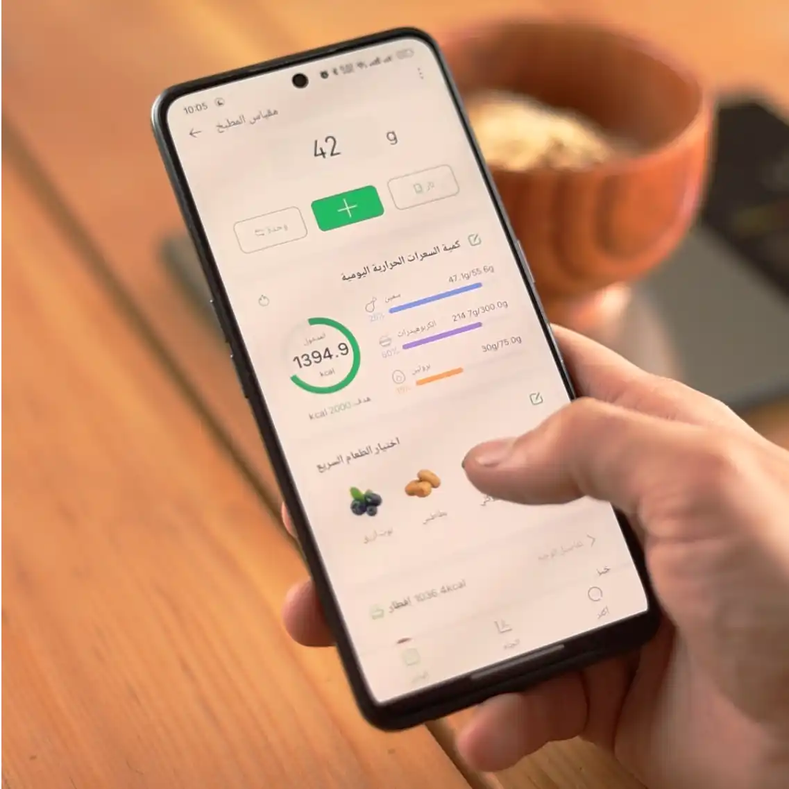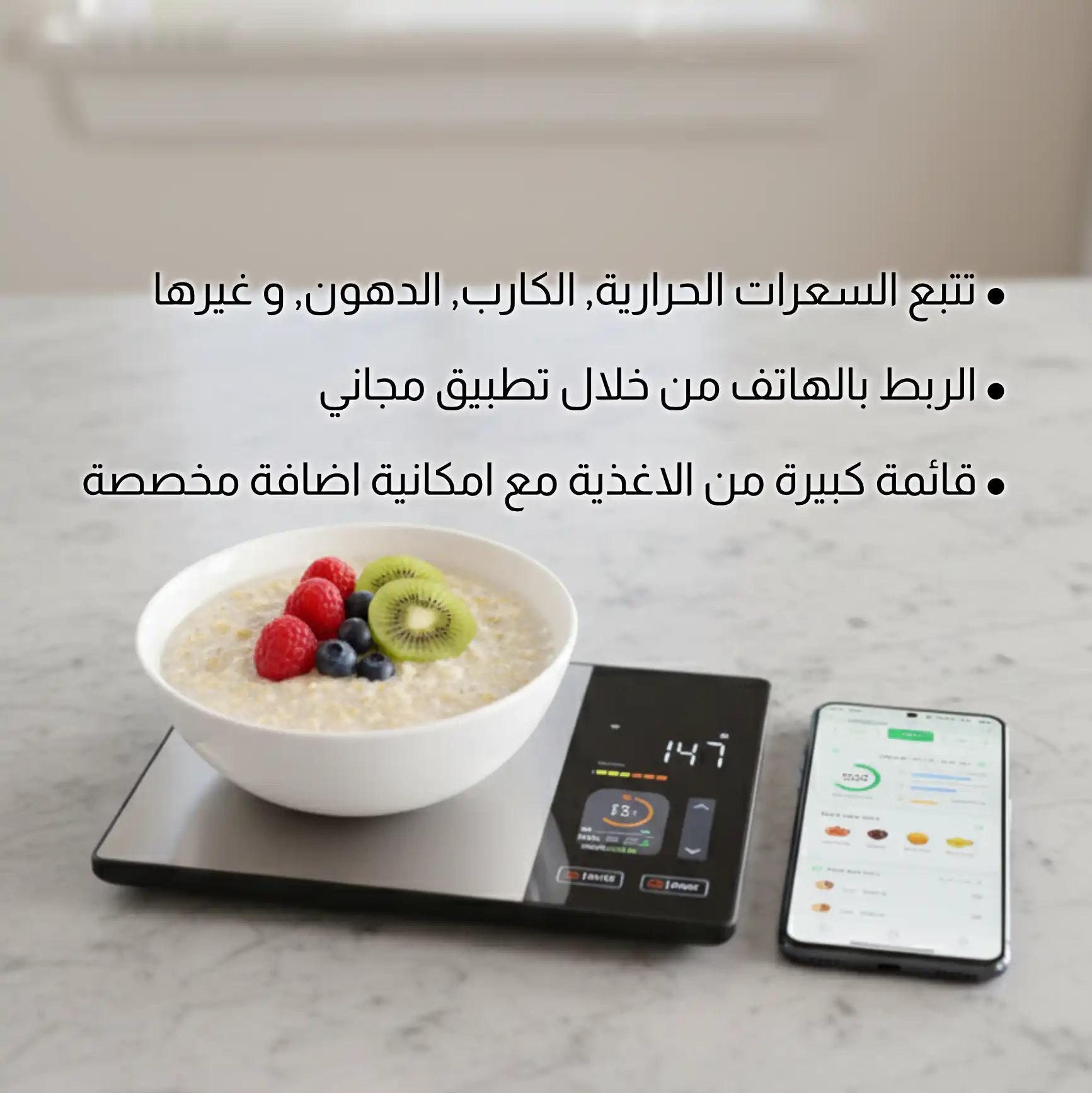 📱 مدربك الخاص بمطبخك: اربط الميزان بتطبيق الموبايل، وراقب سعراتك والماكروز (بروتين، كارب، دهون) لكل وجبة تاكلها بكل سهولة. ماكو بعد حرمان أو أكل عشوائي!
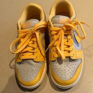 Vibrant Nike sneakers for kids. Bright yellow with light gray accents. Ideal for play and daily wear.
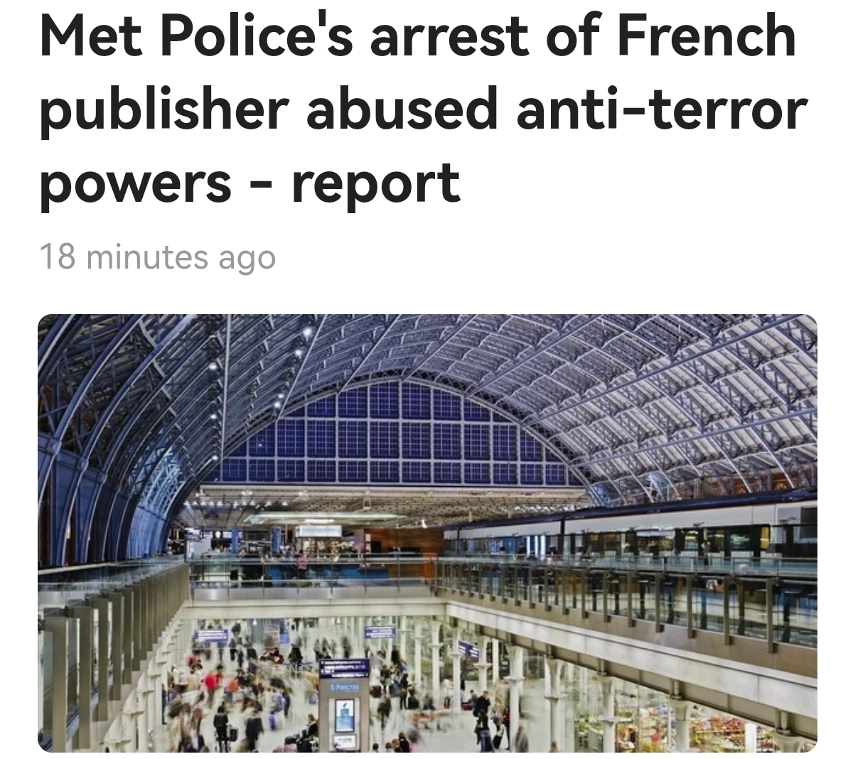 Согласно независимому отчету, полиция Метрополитена злоупотребила полномочиями по борьбе с терроризмом, когда остановила и арестовала французского издателя.
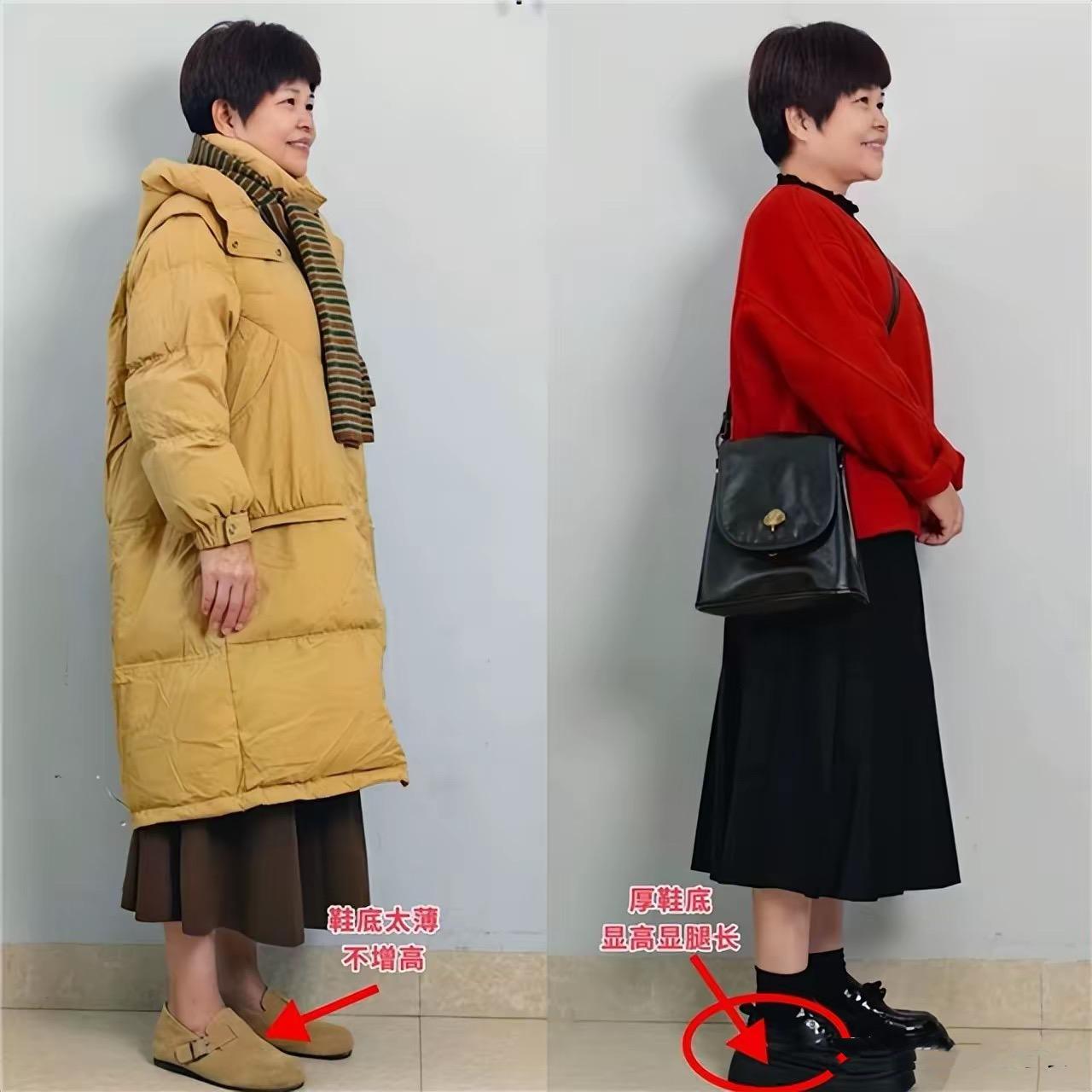 一雙合適的鞋子,對於50+微胖阿姨的氣質呈現也很重要。當你上了年紀、身材有一點微胖的時候,儘量多穿厚底的鞋子。
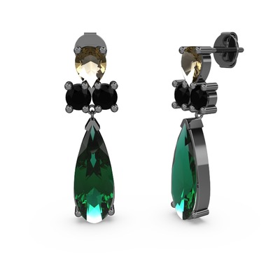 Yeşil kuvars, dumanlı kuvars ve siyah zirkon 925 ayar siyah rodyum kaplama gümüş küpe
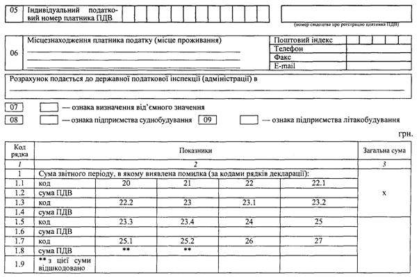 | Сума штрафу, нарахована платником самостійно у зв'язку з виправленням помилки
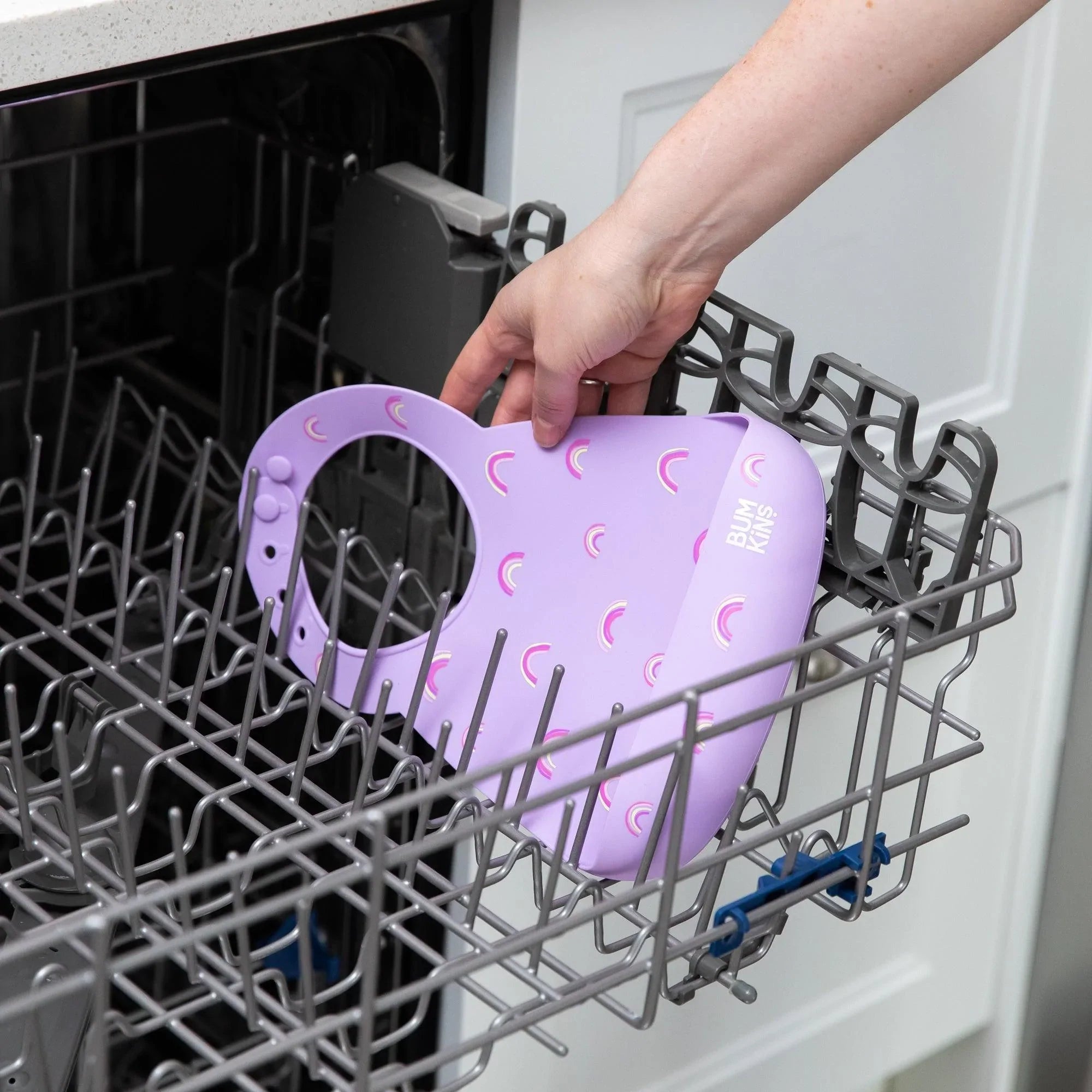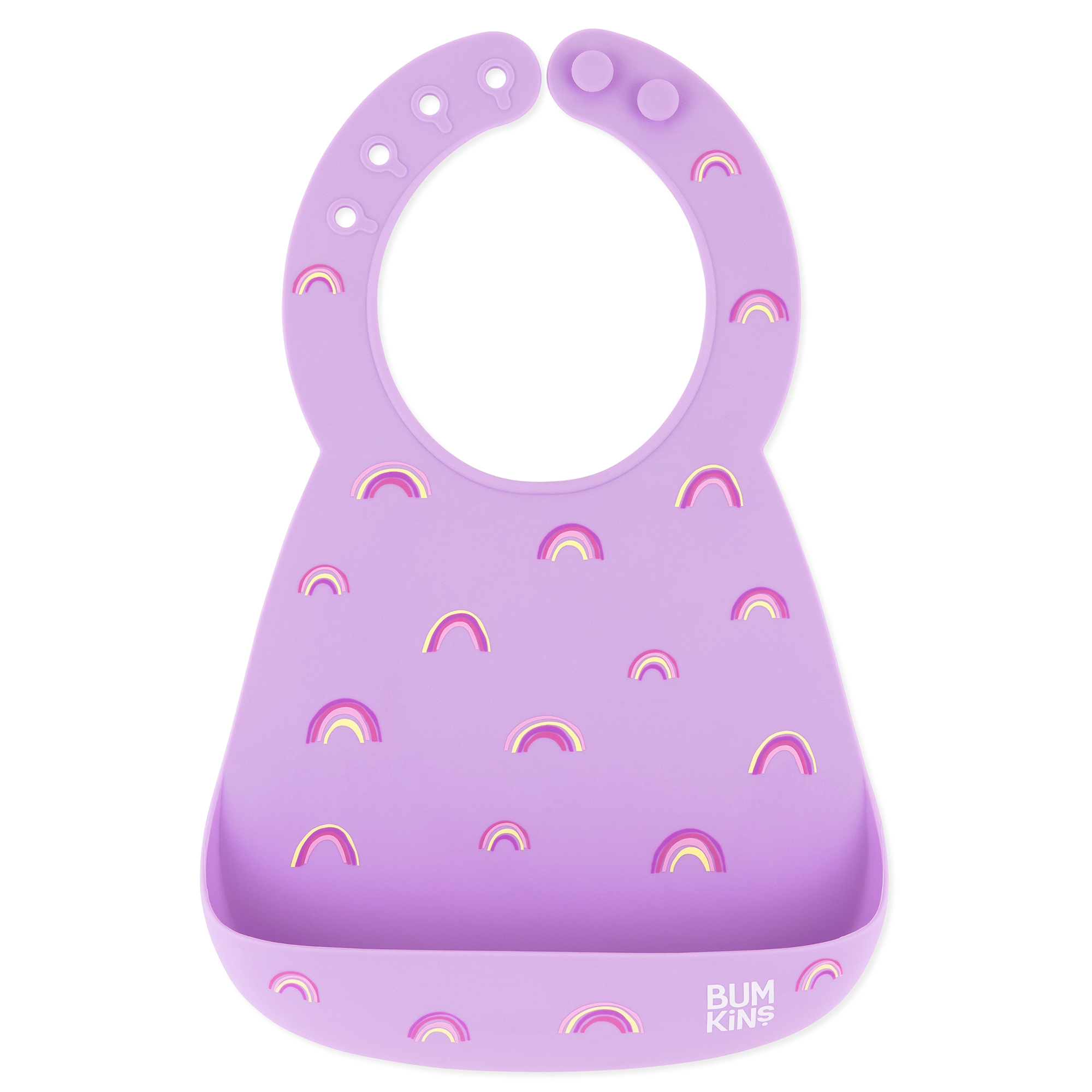 The Bumkins Silicone Bib is great for reducing mealtime mess. The large catch-all pocket is wide open for catching drips, drops, and spills before they hit baby’s lap or the floor. Start using this as baby begins eating dribbly purees and then transitions to self-feeding solids, adjusting the neck buttons as they grow. The bib is made from flexible, durable, food-safe platinum silicone that cleans up quickly and easily and can even go in the dishwasher! Silicone is also naturally resistant to bacteria and most odors and stains, making it a safe and hygienic choice for messy babies.
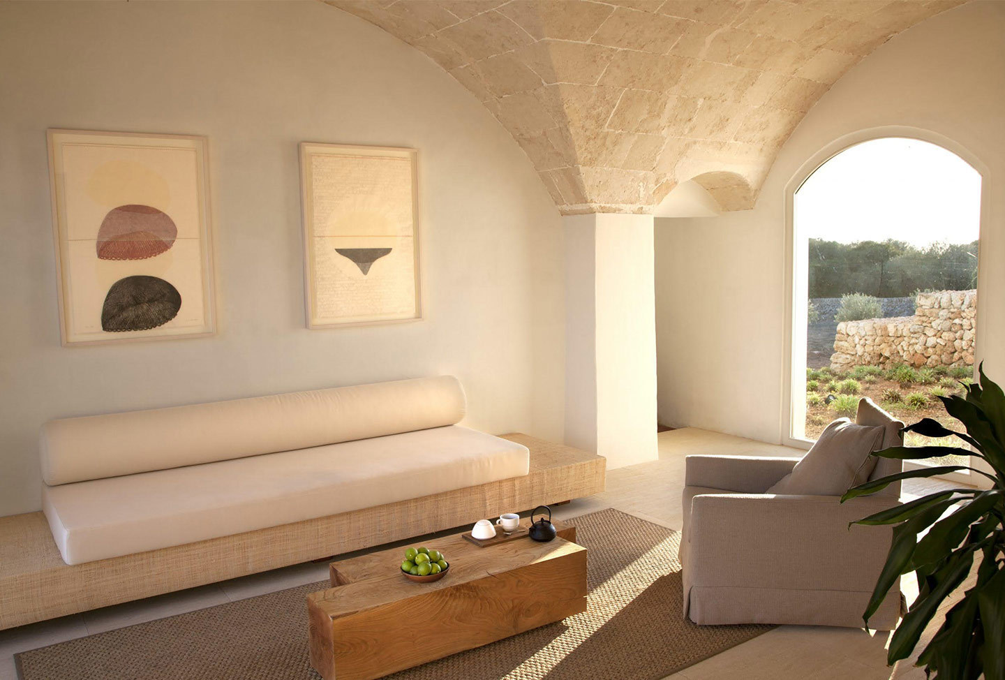 Rustic finca chic and current Balearic charm harmoniously join hands in each room at Torralbenc. Original architectural features such as fresh, whitewashed walls and wooden beamed ceilings are complemented with natural fibres and muted, earthy tones. Details to add light Menorcan flavours and a relaxed look and feel.
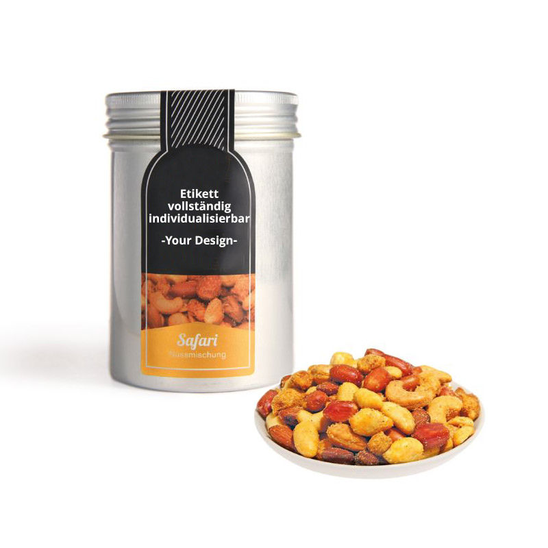 90 g Nussmischung "Safari" in der Aludose mit Frontetikettab 3,45 € | ab 5 Arb.-Tg. | ab 50 Stk.

================

* [WORK TASK]: Look through the material above. Transcribe exactly the lines between the ones with "Согласно независимому отчету, полиция" and "з виправленням помилки", inclusive, and keep pictures out.

* [ANSWER TO THE PROBLEM]:
 Согласно независимому отчету, полиция Метрополитена злоупотребила полномочиями по борьбе с терроризмом, когда остановила и арестовала французского издателя.
 一雙合適的鞋子,對於50+微胖阿姨的氣質呈現也很重要。當你上了年紀、身材有一點微胖的時候,儘量多穿厚底的鞋子。
 Yeşil kuvars, dumanlı kuvars ve siyah zirkon 925 ayar siyah rodyum kaplama gümüş küpe
 | Сума штрафу, нарахована платником самостійно у зв'язку з виправленням помилки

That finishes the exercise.